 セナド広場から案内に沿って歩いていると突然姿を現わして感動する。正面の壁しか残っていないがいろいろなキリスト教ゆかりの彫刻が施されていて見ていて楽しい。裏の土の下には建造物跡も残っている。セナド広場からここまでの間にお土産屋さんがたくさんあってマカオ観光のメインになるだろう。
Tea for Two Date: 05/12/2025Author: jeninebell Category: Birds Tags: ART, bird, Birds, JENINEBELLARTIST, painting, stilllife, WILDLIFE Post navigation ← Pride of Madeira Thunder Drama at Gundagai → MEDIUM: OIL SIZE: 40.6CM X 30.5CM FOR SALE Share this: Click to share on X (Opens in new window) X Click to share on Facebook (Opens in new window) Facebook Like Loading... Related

________________

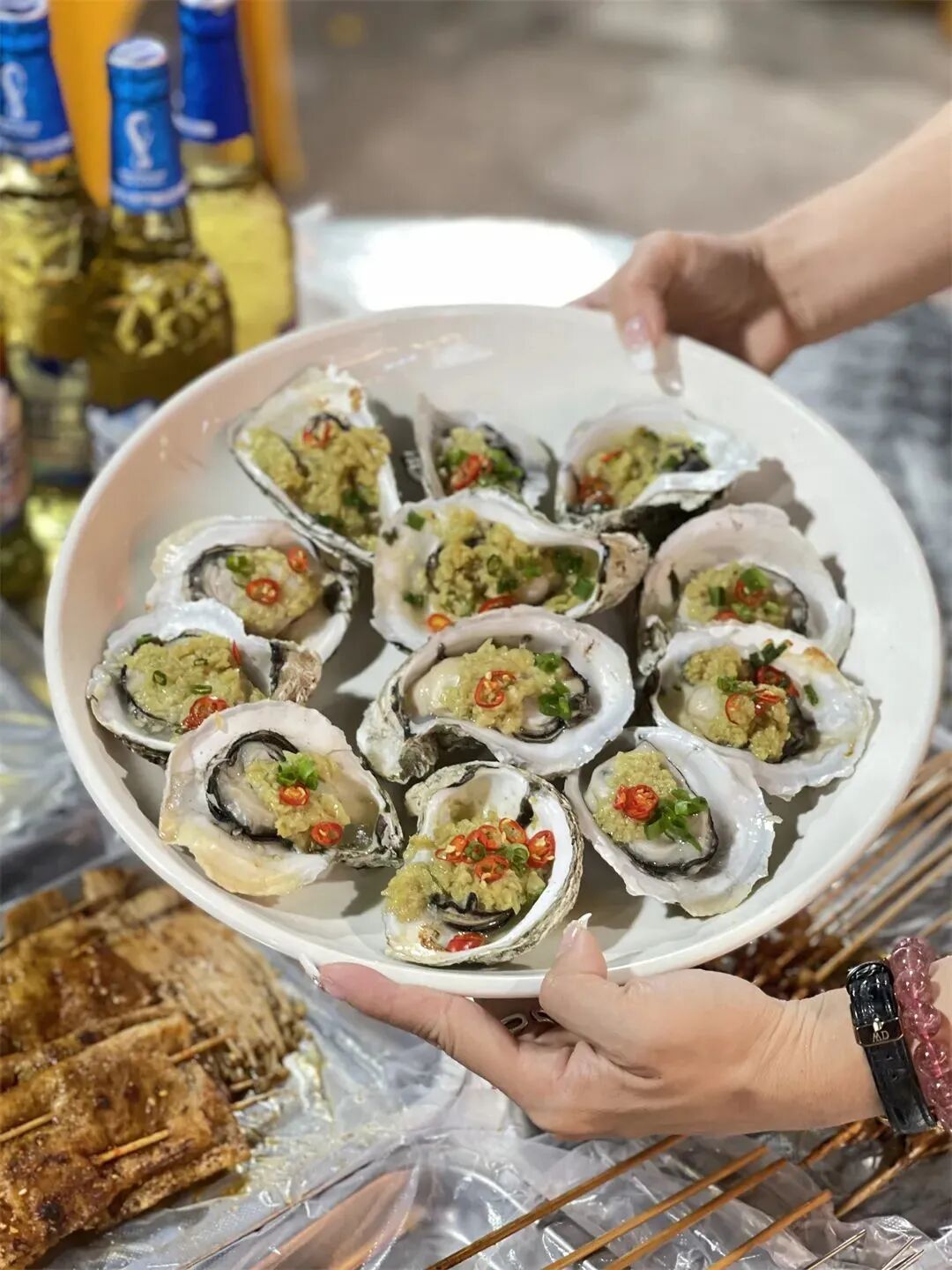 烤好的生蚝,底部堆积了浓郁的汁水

________________

> **TO DO**
Retype only this portion of the data above: the line containing "セナド広場から案内に沿って歩", the line containing "Tea for Two", and all lines between them, exactly.

> **SOLUTION TO THE PROBLEM**
 セナド広場から案内に沿って歩いていると突然姿を現わして感動する。正面の壁しか残っていないがいろいろなキリスト教ゆかりの彫刻が施されていて見ていて楽しい。裏の土の下には建造物跡も残っている。セナド広場からここまでの間にお土産屋さんがたくさんあってマカオ観光のメインになるだろう。
Tea for Two Date: 05/12/2025Author: jeninebell Category: Birds Tags: ART, bird, Birds, JENINEBELLARTIST, painting, stilllife, WILDLIFE Post navigation ← Pride of Madeira Thunder Drama at Gundagai → MEDIUM: OIL SIZE: 40.6CM X 30.5CM FOR SALE Share this: Click to share on X (Opens in new window) X Click to share on Facebook (Opens in new window) Facebook Like Loading... Related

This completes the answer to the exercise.